2nd_t!me iz_best said:


> aww man, dont know what youre missing.
> 
> almost nothing like her looking you in the eyes as you go off and the look on her face never changes. :ezpi_wink1:


I am sure that is the case. I am just saying that some guys (just look at the posts) think that the only sex that exists is a BJ. I am just saying that is can be a part of it, but there are plenty of other ways to be sexually satisfied. For me, there is nothing like being teased and kept close to an orgasm for over a hour. Her hand jobs keep me right on the edge until I can't stand it anymore...and then longer. When I finally do go...WOW! My wife is such a master at that that I really don't miss a BJ.:smthumbup:


----------



## GabC (Jan 15, 2012)

This is a very strange scenario. Most guys like porn but it doesn't compare to the real thing, it's a poor substitute.

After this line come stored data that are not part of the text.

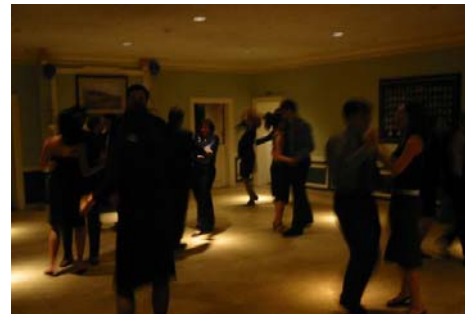
Courageous couples start off the night of dancing
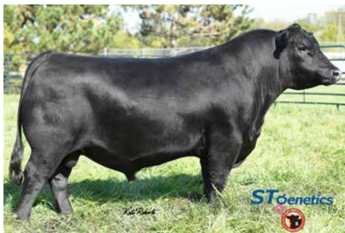
MYERS FAIR-N-SQUARE M39 Sire of Lots 38 & 41
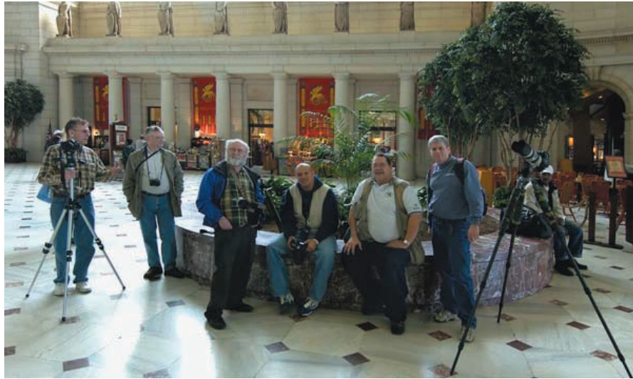
Images from SSCC's recent field trip to Union Station (left and right)

Present jewels (photos and tips) from field trips at meetings.
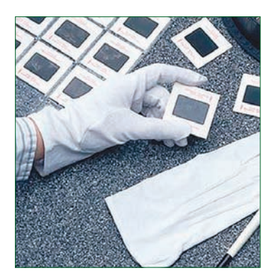
Proper handling of slides and other archive images is key to their preservation.

that may be out-of-focus, poorly shot, or redundant. Eliminating these makes the job of preserving the important photographs much easier.
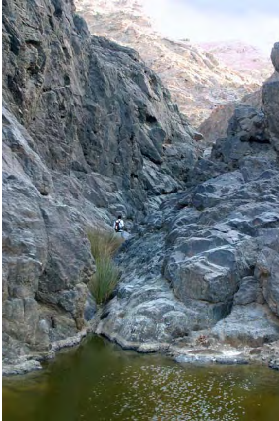
Figure 27 Bir Sartut

Bir Sartut is a permanent brackish water source at the foothills of Gebel Hamata. It is composed of a series of small waterholes scattered along the upstream part of Wadi Sartut. These waterholes attract a variety of resident birds, particularly Lichtenstein's Sandgrouse, Sand Partridge, and Trumpeter Finch, all of which come here to drink. This is also one of the best places to see resident Bonelli's Eagles and Lammergeyers.
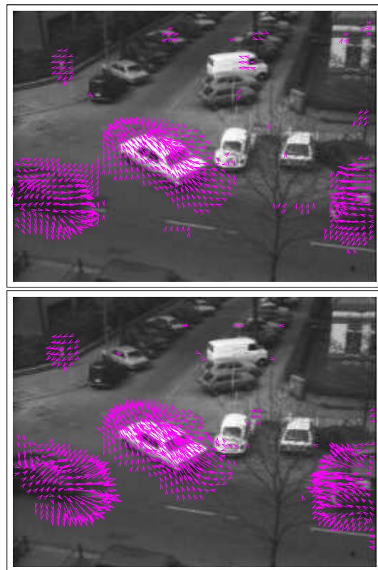
Figure 3: Result with gradients set to zero on frame 5 (top) and with gradient available (bottom).

H.&S. method is no more able to provide any result in that case, conducting to a discontinuity in the output.
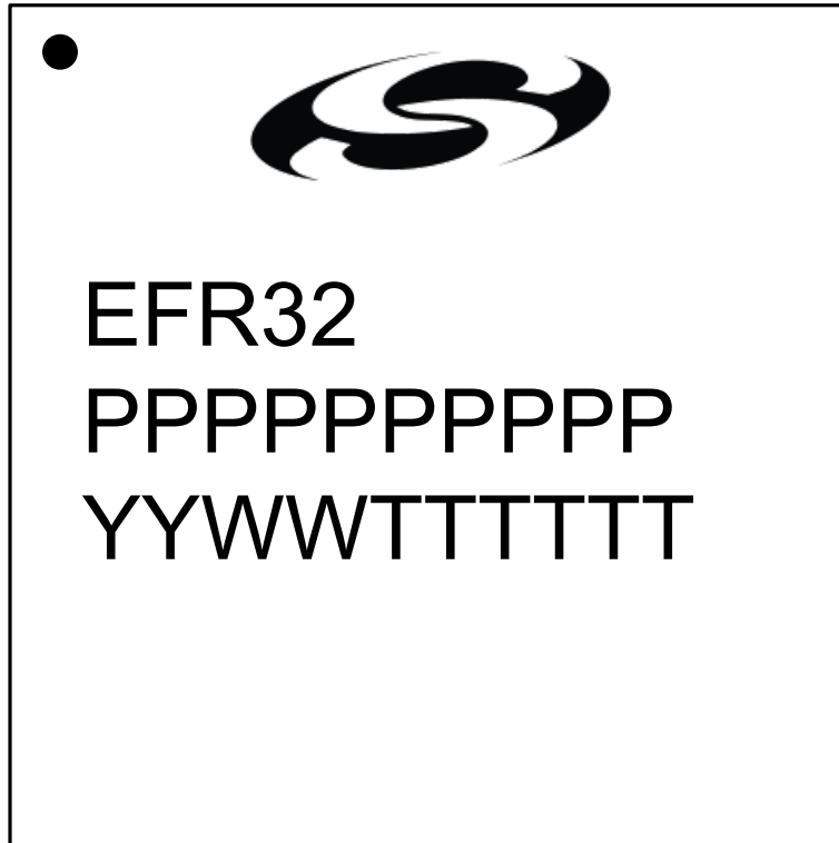
Figure 9.3. QFN68 Package Marking
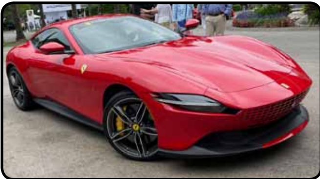
Above: 2021 Ferrari Roma
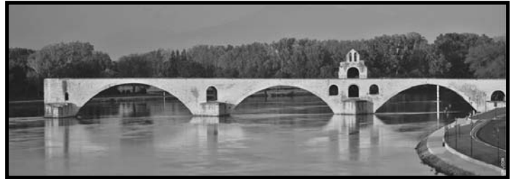
The Pont d'Avignon

A local guide takes us on a walking tour of Arles, whose vibrant colors and striking quality of light has inspired artists like Vincent van Gogh. We see the impressive Roman Les Arènes, an arena that seats 20,000 and is still in use, and the 15th century Romanesque church of St. Trôphime. The afternoon is free time for exploring this charming and historic city.

I find it hard to empathise with this guy, to be honest. However I will say that I went out with a woman who had a much higher sex drive than me, and I found it a turn-off. 

I've always liked the chase, and even in marriage I quite like the fact my wife isn't always available. I hate to quote from Tupac, as I grew out of that a long time ago, but he had it right when he sang:

“I don't want to sound sleazy but tease me, I don't want to hit the sack easy”


----------



## Screenp2 (Dec 4, 2011)

It's not the porn... women just want it to be porn so they have something to blame. 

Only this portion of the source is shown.